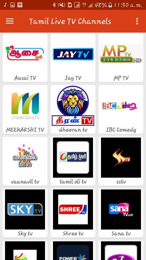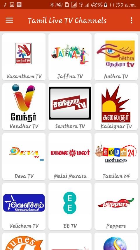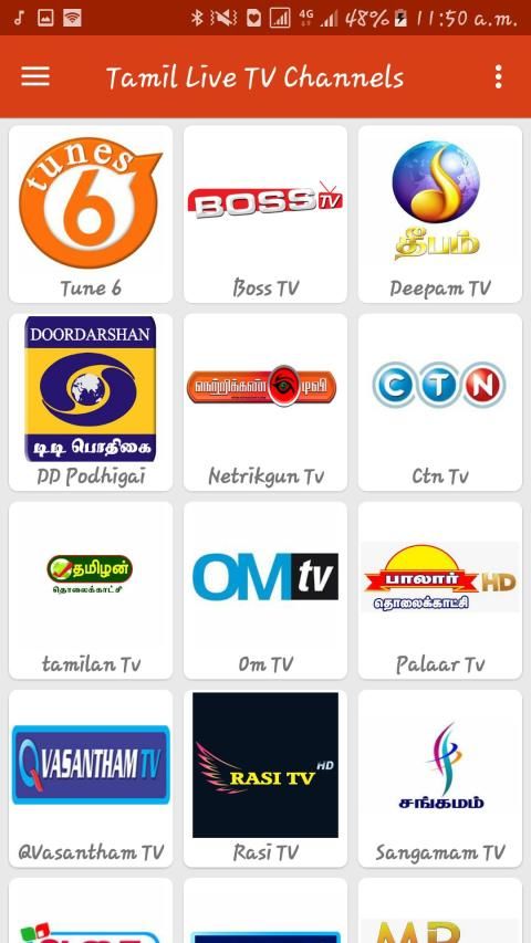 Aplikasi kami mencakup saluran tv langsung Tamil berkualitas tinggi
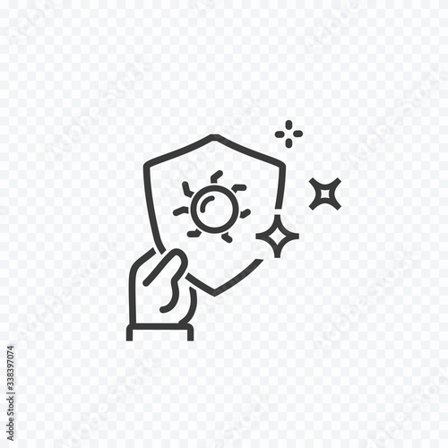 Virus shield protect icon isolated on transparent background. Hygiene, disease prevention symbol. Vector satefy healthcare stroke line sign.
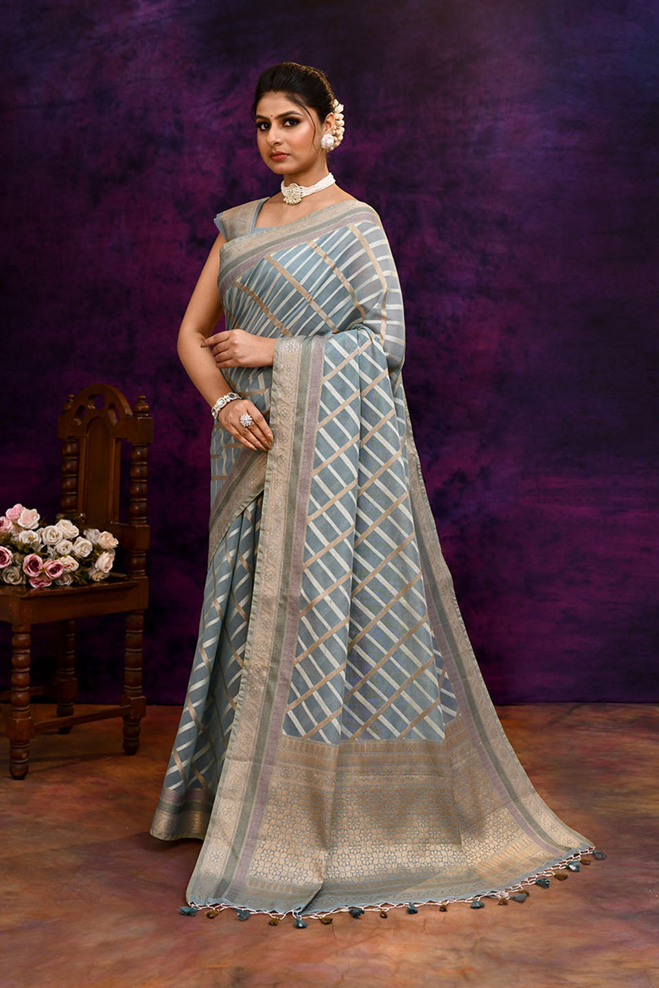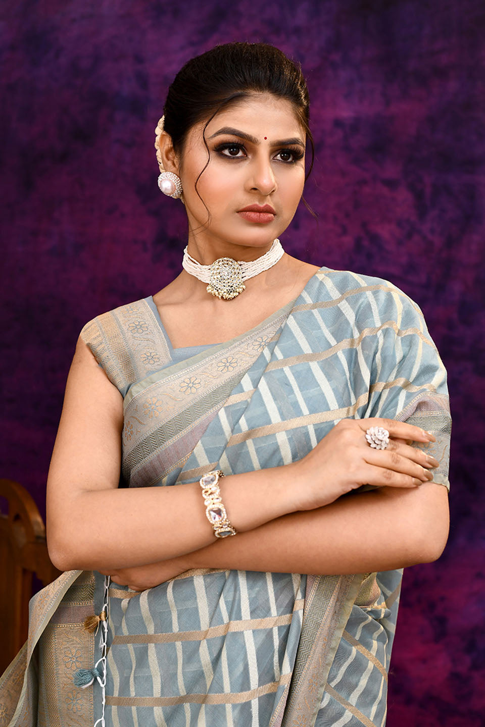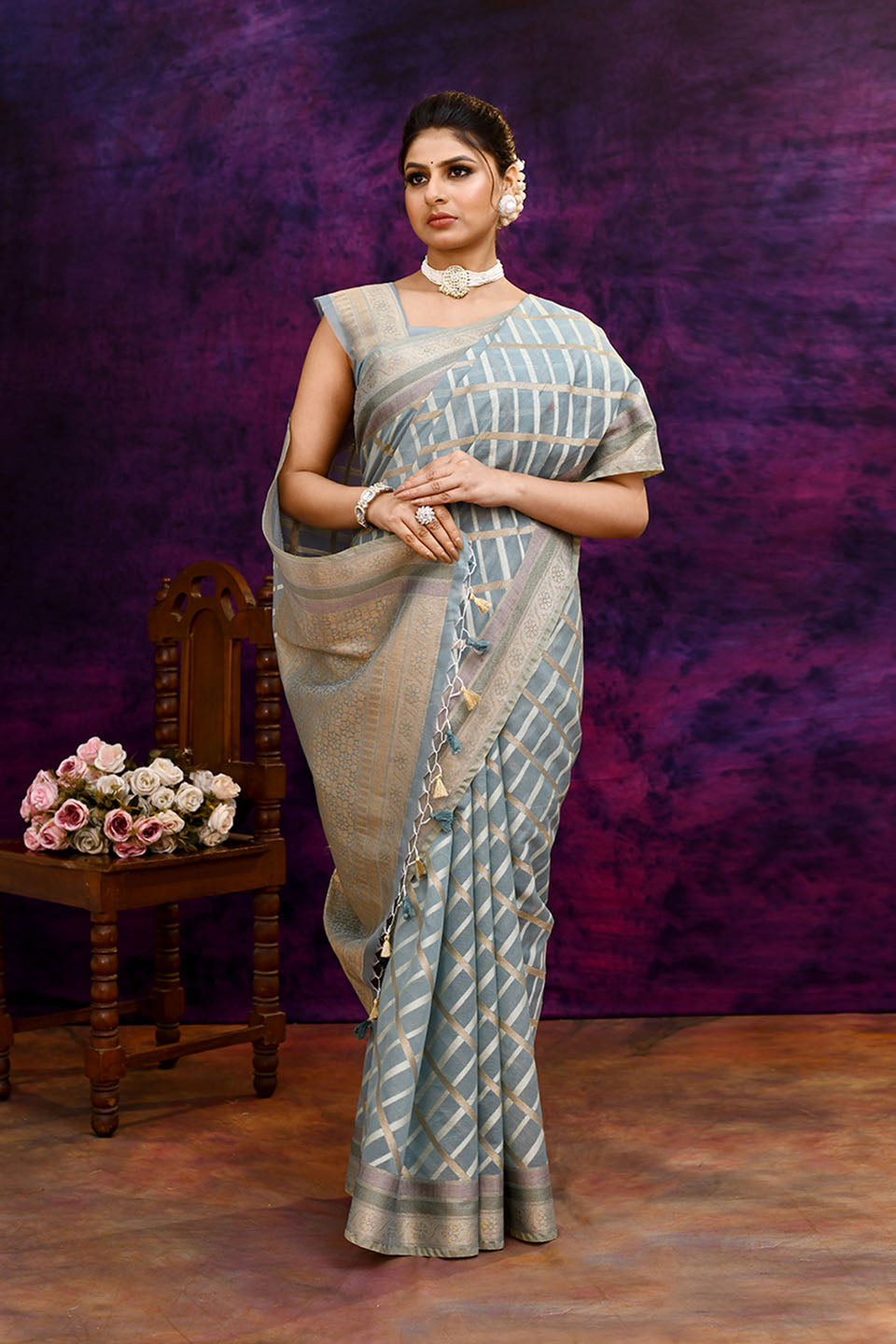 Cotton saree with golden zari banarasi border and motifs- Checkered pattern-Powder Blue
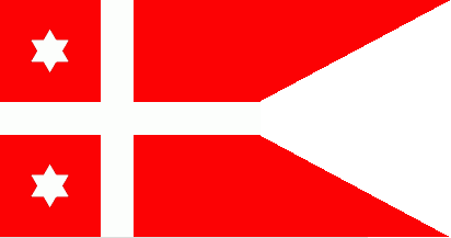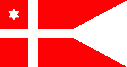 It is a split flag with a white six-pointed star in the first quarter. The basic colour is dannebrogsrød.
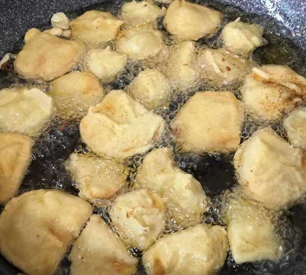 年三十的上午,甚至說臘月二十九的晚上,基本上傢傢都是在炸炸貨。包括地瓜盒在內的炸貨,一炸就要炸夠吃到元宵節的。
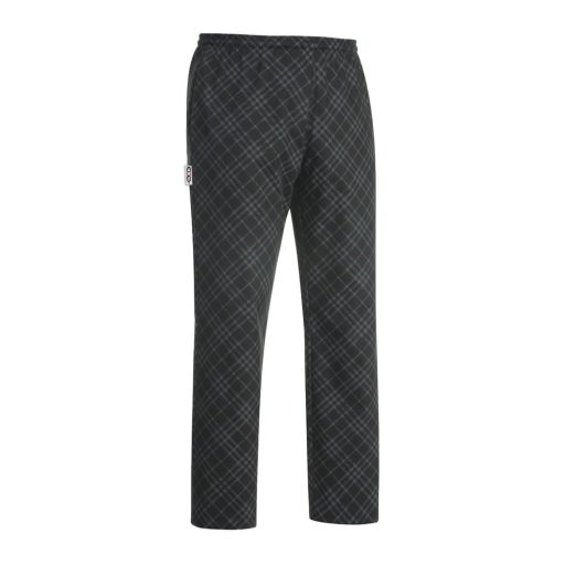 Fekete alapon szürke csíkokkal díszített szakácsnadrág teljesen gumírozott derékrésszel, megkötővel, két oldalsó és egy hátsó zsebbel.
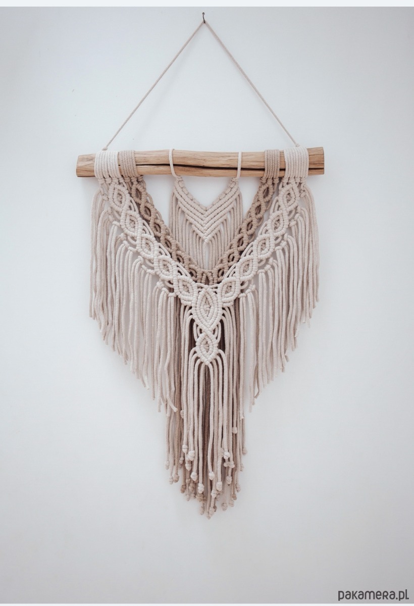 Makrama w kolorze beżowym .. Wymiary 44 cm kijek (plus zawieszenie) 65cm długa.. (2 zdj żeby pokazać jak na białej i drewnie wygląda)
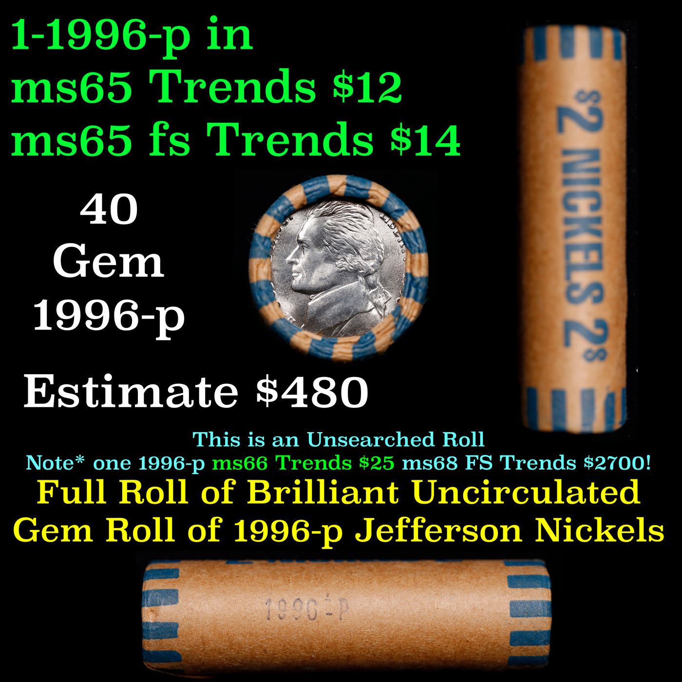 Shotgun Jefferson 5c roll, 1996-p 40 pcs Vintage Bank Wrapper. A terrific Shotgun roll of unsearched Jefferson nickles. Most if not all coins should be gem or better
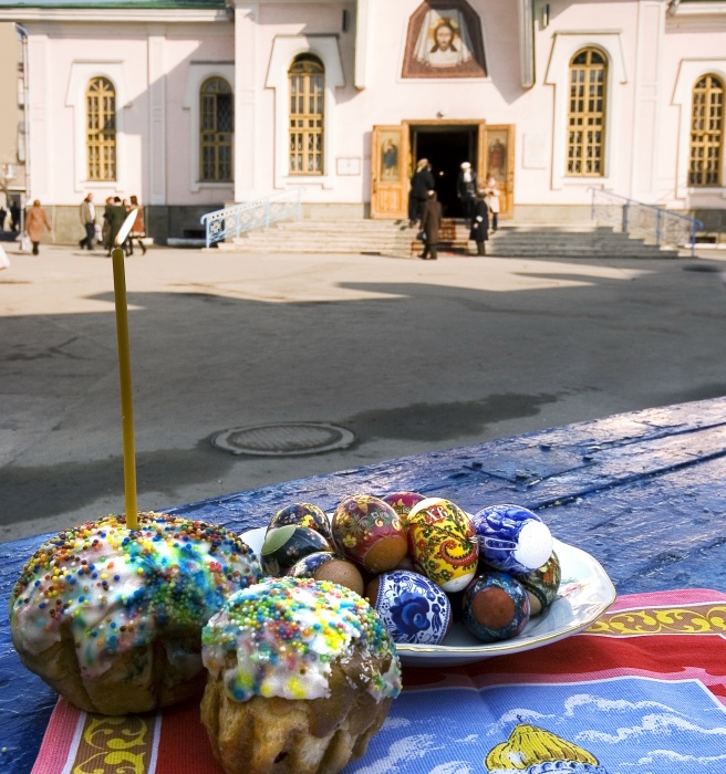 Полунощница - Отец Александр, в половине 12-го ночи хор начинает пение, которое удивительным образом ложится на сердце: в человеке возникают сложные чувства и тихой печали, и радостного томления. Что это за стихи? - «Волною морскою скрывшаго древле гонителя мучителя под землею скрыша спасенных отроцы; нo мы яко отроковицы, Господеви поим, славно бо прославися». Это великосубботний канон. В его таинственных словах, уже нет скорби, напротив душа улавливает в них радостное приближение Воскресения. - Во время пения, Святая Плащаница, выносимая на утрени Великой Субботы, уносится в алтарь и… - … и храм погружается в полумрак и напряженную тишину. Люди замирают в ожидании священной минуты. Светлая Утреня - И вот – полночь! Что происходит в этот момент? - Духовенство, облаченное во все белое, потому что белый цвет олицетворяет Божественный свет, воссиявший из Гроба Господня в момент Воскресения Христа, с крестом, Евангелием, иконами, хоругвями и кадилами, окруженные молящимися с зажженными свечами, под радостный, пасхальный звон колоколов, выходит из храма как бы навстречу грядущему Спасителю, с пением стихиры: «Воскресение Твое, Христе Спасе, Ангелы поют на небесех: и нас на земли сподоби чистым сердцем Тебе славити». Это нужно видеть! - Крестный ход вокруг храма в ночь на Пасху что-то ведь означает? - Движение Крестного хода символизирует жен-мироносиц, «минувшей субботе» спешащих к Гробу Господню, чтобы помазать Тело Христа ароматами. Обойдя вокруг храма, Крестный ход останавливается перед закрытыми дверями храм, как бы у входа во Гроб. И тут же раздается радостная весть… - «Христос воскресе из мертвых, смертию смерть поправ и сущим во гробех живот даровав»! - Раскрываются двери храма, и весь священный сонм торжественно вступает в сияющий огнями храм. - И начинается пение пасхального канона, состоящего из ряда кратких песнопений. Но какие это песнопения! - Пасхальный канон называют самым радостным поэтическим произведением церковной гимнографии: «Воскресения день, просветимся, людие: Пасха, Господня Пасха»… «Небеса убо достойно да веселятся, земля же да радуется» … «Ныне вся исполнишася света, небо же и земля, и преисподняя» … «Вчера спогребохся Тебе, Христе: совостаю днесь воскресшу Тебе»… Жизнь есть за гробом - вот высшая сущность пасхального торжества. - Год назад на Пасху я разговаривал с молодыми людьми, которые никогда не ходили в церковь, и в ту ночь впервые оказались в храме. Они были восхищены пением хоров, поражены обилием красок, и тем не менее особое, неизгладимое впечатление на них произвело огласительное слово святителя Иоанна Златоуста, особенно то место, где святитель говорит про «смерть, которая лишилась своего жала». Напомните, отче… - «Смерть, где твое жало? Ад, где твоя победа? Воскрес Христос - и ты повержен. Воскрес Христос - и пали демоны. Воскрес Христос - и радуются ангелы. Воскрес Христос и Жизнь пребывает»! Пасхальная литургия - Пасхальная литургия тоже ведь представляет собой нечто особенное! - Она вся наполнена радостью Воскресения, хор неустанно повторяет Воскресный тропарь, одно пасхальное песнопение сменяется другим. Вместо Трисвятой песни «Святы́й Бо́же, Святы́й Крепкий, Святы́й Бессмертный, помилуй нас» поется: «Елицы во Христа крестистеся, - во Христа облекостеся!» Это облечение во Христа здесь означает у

■ **Task to carry out**
Output all the records above again exactly, with the pictures dropped.

■ **Your solution**
 Aplikasi kami mencakup saluran tv langsung Tamil berkualitas tinggi
 Virus shield protect icon isolated on transparent background. Hygiene, disease prevention symbol. Vector satefy healthcare stroke line sign.
 Cotton saree with golden zari banarasi border and motifs- Checkered pattern-Powder Blue
 It is a split flag with a white six-pointed star in the first quarter. The basic colour is dannebrogsrød.
 年三十的上午,甚至說臘月二十九的晚上,基本上傢傢都是在炸炸貨。包括地瓜盒在內的炸貨,一炸就要炸夠吃到元宵節的。
 Fekete alapon szürke csíkokkal díszített szakácsnadrág teljesen gumírozott derékrésszel, megkötővel, két oldalsó és egy hátsó zsebbel.
 Makrama w kolorze beżowym .. Wymiary 44 cm kijek (plus zawieszenie) 65cm długa.. (2 zdj żeby pokazać jak na białej i drewnie wygląda)
 Shotgun Jefferson 5c roll, 1996-p 40 pcs Vintage Bank Wrapper. A terrific Shotgun roll of unsearched Jefferson nickles. Most if not all coins should be gem or better
 Полунощница - Отец Александр, в половине 12-го ночи хор начинает пение, которое удивительным образом ложится на сердце: в человеке возникают сложные чувства и тихой печали, и радостного томления. Что это за стихи? - «Волною морскою скрывшаго древле гонителя мучителя под землею скрыша спасенных отроцы; нo мы яко отроковицы, Господеви поим, славно бо прославися». Это великосубботний канон. В его таинственных словах, уже нет скорби, напротив душа улавливает в них радостное приближение Воскресения. - Во время пения, Святая Плащаница, выносимая на утрени Великой Субботы, уносится в алтарь и… - … и храм погружается в полумрак и напряженную тишину. Люди замирают в ожидании священной минуты. Светлая Утреня - И вот – полночь! Что происходит в этот момент? - Духовенство, облаченное во все белое, потому что белый цвет олицетворяет Божественный свет, воссиявший из Гроба Господня в момент Воскресения Христа, с крестом, Евангелием, иконами, хоругвями и кадилами, окруженные молящимися с зажженными свечами, под радостный, пасхальный звон колоколов, выходит из храма как бы навстречу грядущему Спасителю, с пением стихиры: «Воскресение Твое, Христе Спасе, Ангелы поют на небесех: и нас на земли сподоби чистым сердцем Тебе славити». Это нужно видеть! - Крестный ход вокруг храма в ночь на Пасху что-то ведь означает? - Движение Крестного хода символизирует жен-мироносиц, «минувшей субботе» спешащих к Гробу Господню, чтобы помазать Тело Христа ароматами. Обойдя вокруг храма, Крестный ход останавливается перед закрытыми дверями храм, как бы у входа во Гроб. И тут же раздается радостная весть… - «Христос воскресе из мертвых, смертию смерть поправ и сущим во гробех живот даровав»! - Раскрываются двери храма, и весь священный сонм торжественно вступает в сияющий огнями храм. - И начинается пение пасхального канона, состоящего из ряда кратких песнопений. Но какие это песнопения! - Пасхальный канон называют самым радостным поэтическим произведением церковной гимнографии: «Воскресения день, просветимся, людие: Пасха, Господня Пасха»… «Небеса убо достойно да веселятся, земля же да радуется» … «Ныне вся исполнишася света, небо же и земля, и преисподняя» … «Вчера спогребохся Тебе, Христе: совостаю днесь воскресшу Тебе»… Жизнь есть за гробом - вот высшая сущность пасхального торжества. - Год назад на Пасху я разговаривал с молодыми людьми, которые никогда не ходили в церковь, и в ту ночь впервые оказались в храме. Они были восхищены пением хоров, поражены обилием красок, и тем не менее особое, неизгладимое впечатление на них произвело огласительное слово святителя Иоанна Златоуста, особенно то место, где святитель говорит про «смерть, которая лишилась своего жала». Напомните, отче… - «Смерть, где твое жало? Ад, где твоя победа? Воскрес Христос - и ты повержен. Воскрес Христос - и пали демоны. Воскрес Христос - и радуются ангелы. Воскрес Христос и Жизнь пребывает»! Пасхальная литургия - Пасхальная литургия тоже ведь представляет собой нечто особенное! - Она вся наполнена радостью Воскресения, хор неустанно повторяет Воскресный тропарь, одно пасхальное песнопение сменяется другим. Вместо Трисвятой песни «Святы́й Бо́же, Святы́й Крепкий, Святы́й Бессмертный, помилуй нас» поется: «Елицы во Христа крестистеся, - во Христа облекостеся!» Это облечение во Христа здесь означает у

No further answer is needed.